We run the function in a loop over our files. Since we just have two here it is a bit superflous, but we can prove that it works in principle.

In [0]:
for i in range(0, len(data_files)):
  data_file=data_files[i]
  readS2fromFile(data_file,
                test_data,
                roi_x_y,
                save_prefix,
                write_images,
                run_60,
                true_data,
                NR_CROP)

Selected UTM Zone:
Selected pixel region: xmin=0, ymin=0, xmax=10979, ymax=10979:
Selected pixel region: tmxmin=0, tmymin=0, tmxmax=10979, tmymax=10979:
Image size: width=10980 x height=10980
Selected 10m bands: B4 B3 B2 B8
Selected 20m bands: B5 B6 B7 B8A B11 B12
Selected 60m bands: B1 B9
Loading selected data from: Bands B2, B3, B4, B8 with 10m resolution, UTM 32N
Loading selected data from: Bands B5, B6, B7, B8A, B11, B12 with 20m resolution, UTM 32N
Loading selected data from: Bands B1, B9, B10 with 60m resolution, UTM 32N
S2B_MSIL1C_20190823T103029_N0208_R108_T32UNB_20190823T124349.SAFE
Writing files for training to:Data/Training/train60/S2B_MSIL1C_20190823T103029_N0208_R108_T32UNB_20190823T124349.SAFE/
(1500, 2, 96, 96)
(1500, 4, 96, 96)
(1500, 6, 48, 48)
(1500, 2, 16, 16)
Done!
Success.
Selected UTM Zone:
Selected pixel region: xmin=0, ymin=0, xmax=10979, ymax=10979:
Selected pixel region: tmxmin=0, tmymin=0, tmxmax=10979, tmymax=10979:
Image size: width=10980 x height=10980
Sel

####Indexing and Splitting the Dataset

We create a simple index of the patches we have, and split it randomly.

Normally this is done by the `create_random.py ` which uses hardcoded paths. To control the paths, we execute it here as a codeblock, and change the path to where we saved previously.

Variables which we must use here are:


*   **size**: The number of files we processed (one, in our example) multiplied by the number of patches per tile (same as NR_CROP in the previous section)
*   **ratio**: The ratio of validation files. We set it to the suggested default of 0.1
* **path**: This is the path to the directory which contains the files we created in the previous block. So for us, it is the same as our previous `save_prefix`, which was `Data/Training/`



In [0]:
from random import randrange
# Size: number of S2 tiles (times) patches per tile
size = len(data_files)*NR_CROP
ratio = .1
nb = int(size * ratio)
path = save_prefix


index = np.zeros(size).astype(np.bool)
i = 0
while np.sum(index.astype(np.int)) < nb:
    x = randrange(0, size)
    index[x] = True
    i += 1
    
if run_60:
  path=path+"train60/"
else:
  path=path+"train/"
np.save(path + 'val_index.npy', index)

print('Full no of samples: {}'.format(size))
print('Validation samples: {}'.format(np.sum(index.astype(np.int))))

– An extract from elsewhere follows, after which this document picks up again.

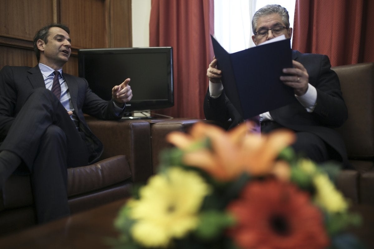 Meeting between the president of New Democracy party, Kyriakos Mitsotakis and the General Secretary of Communist Party of Greece Dimitris Koutsoumpas, in Athens, on April 6, 2017

print("Number of iterations: {}".format(i))

Full no of samples: 3000
Validation samples: 300
Number of iterations: 320


We should now see how many samples we have that we can use for training. Two images with 450 patches each results in 900 patches sampled.

####Training
Now we have the resources we need for the training itself.
We can run from the `supres_train.py`, but again, we crack open the code to examine it and to reduce the number of epochs.

Setting variables

*   **predict_file**: If we provide a file here, we can do a single prediction. The purpose for this is presumably for testing.
*   **resume_file**:  Path to the previously created weights file to resume from. We want to train the 030 model for 60m data, which is why we use the `s2_030_lr_1e-05.hdf5` from the model folder - otherwise we would get the 032 model `s2_032_lr_1e-04.hdf5`
*   **true**: Use true scale data? No simulation or different resolutions.
*   **run_60**: Whether to run a 60->10m network. Default 20->10m.
*   **deep**: train a deep network. Takes too long, lets not do that here.

We added here one more variable:

* **n_epochs**: The number of epochs used for training. Fixed to 8192 in the provided implementation. For our purposes of testing, 6 is enough.

At this point, we could also adjust the following parameters:


*  **model_nr**: The name of the output model. Must be 7 characters. Here, we go with the default of "s2_038_"
*   **SCALE**: A factor by which the raw reflectance values are divided by for "numerical stability".
*   **lr**: The base learning rate.

We will leave those unchanged.

In [0]:
predict_file=None
if(run_60):
  resume_file="DSen2/models/s2_030_lr_1e-05.hdf5"
else:
  resume_file="DSen2/models/s2_032_lr_1e-04.hdf5"
true=True
run_60=run_60 #from previous code block
deep=False
path="Data/Training/"
n_epochs=5

In [0]:
from __future__ import division
import numpy as np
import datetime
import glob
import time
import argparse
import os
import sys
import matplotlib as mpl
mpl.use('Agg')
from keras.optimizers import Nadam
from keras.callbacks import ModelCheckpoint, Callback, ReduceLROnPlateau
from keras.utils import plot_model
import keras.backend as K

sys.path.append('../')
from DSen2.utils.patches import recompose_images, OpenDataFilesTest, OpenDataFiles
from DSen2.utils.DSen2Net import s2model

K.set_image_data_format('channels_first')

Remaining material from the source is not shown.